=== DATA ===

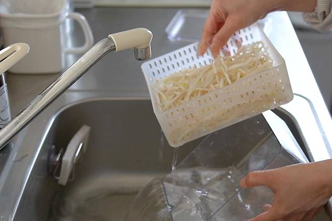 이 방법은 콩나물이 지속적으로 수분을 공급받기 때문에 시들지 않고 아삭함을 유지하는 데 도움이 된다. 다만 가장 중요한 것은 물 교체다.
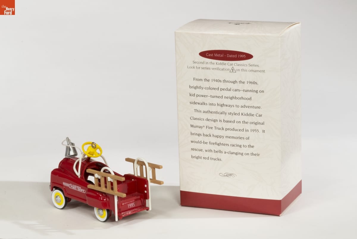 Cast Metal - Dated 1995 / Second in the Kiddie Car Classics Series. / Look for series verification 2 on this ornament. / From the 1940s through the 1960s, brightly-colored pedal cars--running on kid power--turned neighborhood sidewalks into highways to adventure. / This authentically styled Kiddie Car Classics design is based on the original Murray Fire Truck produced in 1955. It brings back happy memories of would-be firefighters racing to the rescue, with bells a-clanging on their bright red trucks.
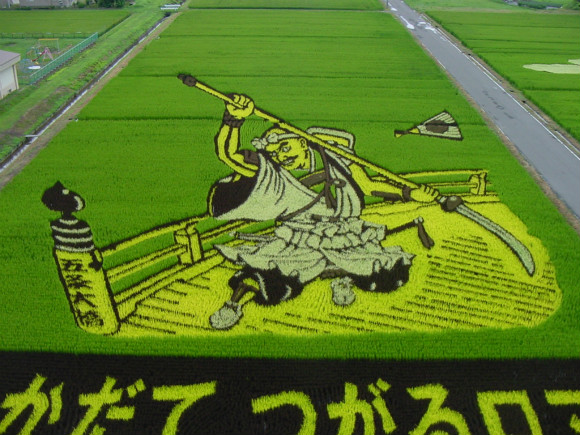 坐落在日本东北部的小村庄Inkadate,长期依赖种水稻营收。但是由于日本人近几年来逐渐降低了对稻米的消费,Inkadate便和广告机构Hakuhodo合作,在稻田里用不同颜色的稻米种出了艺妓、武士等日本传统文化经典形象,并拍摄了广告视频。想想如此浩瀚的稻田呈现出这样巨幅的画作,还是相当震撼的。
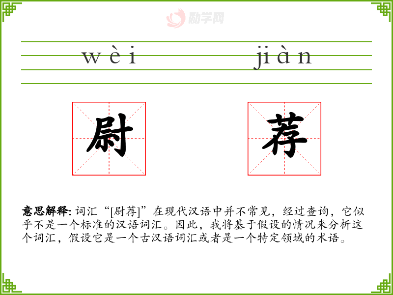词汇“[尉荐]”在现代汉语中并不常见,经过查询,它似乎不是一个标准的汉语词汇。因此,我将基于假设的情况来分析这个词汇,假设它是一个古汉语词汇或者是一个特定领域的术语。
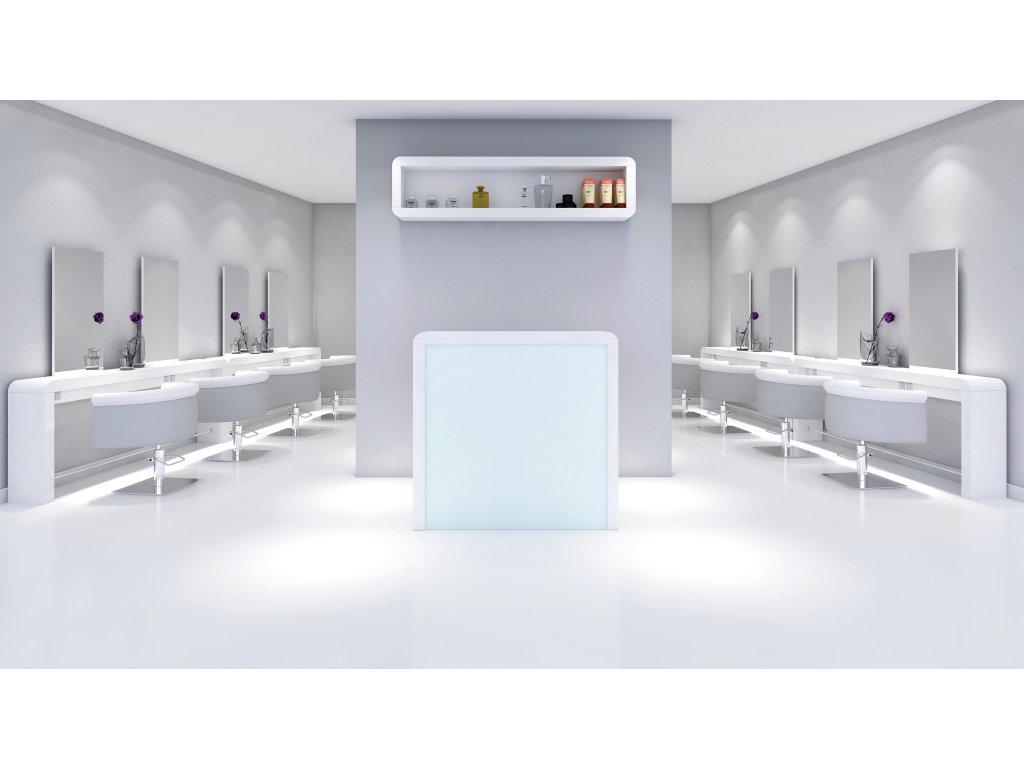 A szerkezet lakkozott MDF-ből készül, alapértelmezetten fehér vagy fekete színben. Igény esetén bármely RAL/NCS árnyalatban elérhető, így a fodrász fal tökéletesen illeszthető a szalon egyedi belső teréhez.
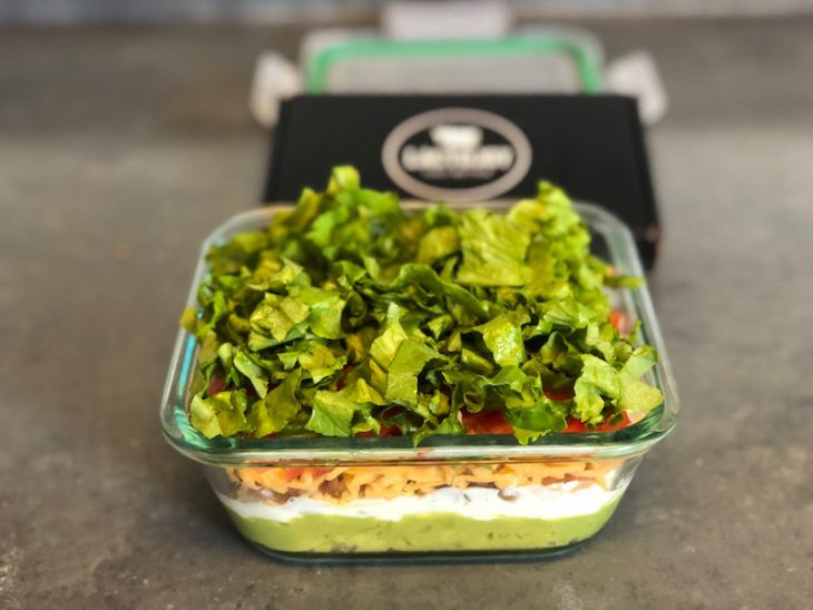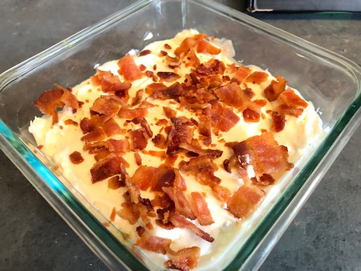 • In a 1-1 1/2 quart glass dish layer in the following order: guacamole, yogurt/cream cheese mixture, bacon, cheese, tomato, lettuce. As you add each layer be sure to spread it evenly across the dish. Serve with crackers, tortilla chips or baguette chunks.

===

**WHAT IS BEING ASKED**
Only what runs from the line containing "坐落在日本东北部的小村庄In" through the end of the entries above should be extracted, exactly and without pictures.

**ANSWER TO THE EXERCISE**
 坐落在日本东北部的小村庄Inkadate,长期依赖种水稻营收。但是由于日本人近几年来逐渐降低了对稻米的消费,Inkadate便和广告机构Hakuhodo合作,在稻田里用不同颜色的稻米种出了艺妓、武士等日本传统文化经典形象,并拍摄了广告视频。想想如此浩瀚的稻田呈现出这样巨幅的画作,还是相当震撼的。
词汇“[尉荐]”在现代汉语中并不常见,经过查询,它似乎不是一个标准的汉语词汇。因此,我将基于假设的情况来分析这个词汇,假设它是一个古汉语词汇或者是一个特定领域的术语。
 A szerkezet lakkozott MDF-ből készül, alapértelmezetten fehér vagy fekete színben. Igény esetén bármely RAL/NCS árnyalatban elérhető, így a fodrász fal tökéletesen illeszthető a szalon egyedi belső teréhez.
 • In a 1-1 1/2 quart glass dish layer in the following order: guacamole, yogurt/cream cheese mixture, bacon, cheese, tomato, lettuce. As you add each layer be sure to spread it evenly across the dish. Serve with crackers, tortilla chips or baguette chunks.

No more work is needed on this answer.